Yes, the most honored of us in the sight of our Creator is he/she who is the most righteous.  Those who are able to control the temptations within and direct their free will for the good and have righteous intents…  Only the creator can judge that and none of us is in a position to assess.

 

THAT SHOULD BE OUR CRITERIA… WE DO NOT JUDGE… THE CREATOR IS THE ONLY JUDGE.

 

Respected party:

Let me make a quick flash back to the words of two great leaders of the civil rights movements in the United States and the world:  Malcolm X and Dr. Martin Luther King… 

 

After the reverse discrimination that Malcolm X practiced for years as a leader of the Nation of Islam, his life was completely changed after his pilgrimage to Makkah in 1964.  In his letter to his assistants during that pilgrimage, he wrote: “Never have I witnessed such sincere hospitality and overwhelming spirit of true brotherhood as is practiced by people of all colors and races here in this ancient holy land, “  and at the conclusion of his letter he confesses: “You may be shocked by these words coming from me. But on this pilgrimage, what I have seen, and experienced, has forced me to rearrange much of my thought-patterns previously held, and to toss aside some of my previous conclusions.”
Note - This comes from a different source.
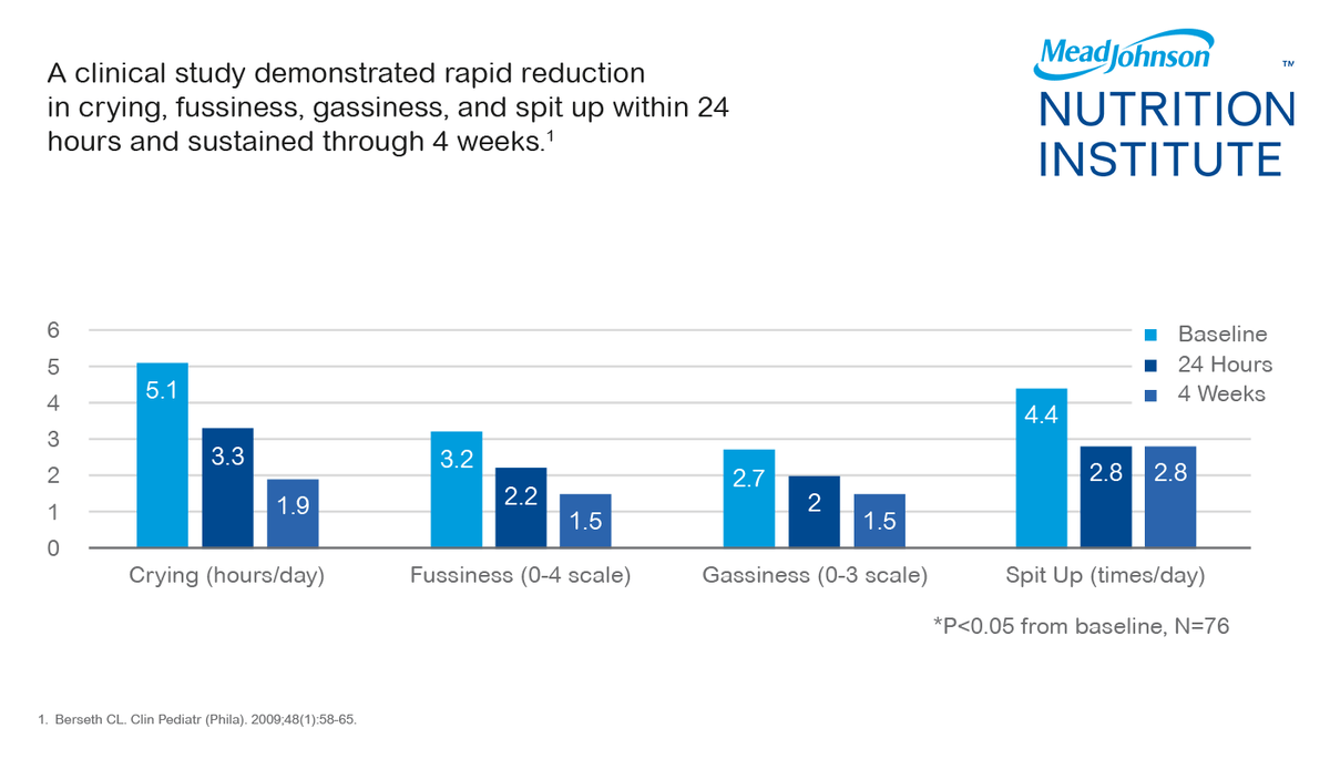 Research has shown that infant formula with partially hydrolyzed proteins and reduced levels of lactose can rapidly and effectively reduce digestive discomfort in infants. In a clinical study, rapid and effective reduction in crying, fussiness, gassiness, and spit up within 24 hours was demonstrated, with sustained improvements through 4 weeks.1

And from Malcolm X to Dr. King… In his famous “I have a dream” speech, I quote:

“But there is something that I must say to my people who stand on the warm threshold which leads into the palace of justice. In the process of gaining our rightful place we must not be guilty of wrongful deeds. Let us not seek to satisfy our thirst for freedom by drinking from the cup of bitterness and hatred.” and he continues “I say to you today, my friends, that in spite of the difficulties and frustrations of the moment, I still have a dream. It is a dream deeply rooted in the American dream.  I have a dream that one day this nation will rise up and live out the true meaning of its creed: "We hold these truths to be self-evident: that all men are created equal."

 

Dr. King went on and on with further details of his dream…, and Today, I add mine…
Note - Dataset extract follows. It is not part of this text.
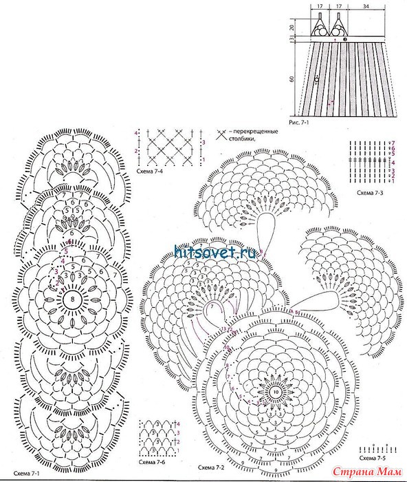 Верхний край подола обвяжите и снизу вверх (от подола к лифу) вывяжите переходную часть узором по схеме 7-3.

I dream of an earth with no walls or gates, with no passports or visas, with no boundaries or armies.

I dream of the day that we stop using racial references like white, African American or Hispanic…

I dream of the day that we would dissolve civil rights organization, charitable organizations, humanitarian organizations, and the likes… and find no need for their existence…

That is my dream.

 

I close with the Islamic greeting of peace: Assalamu Alaykum.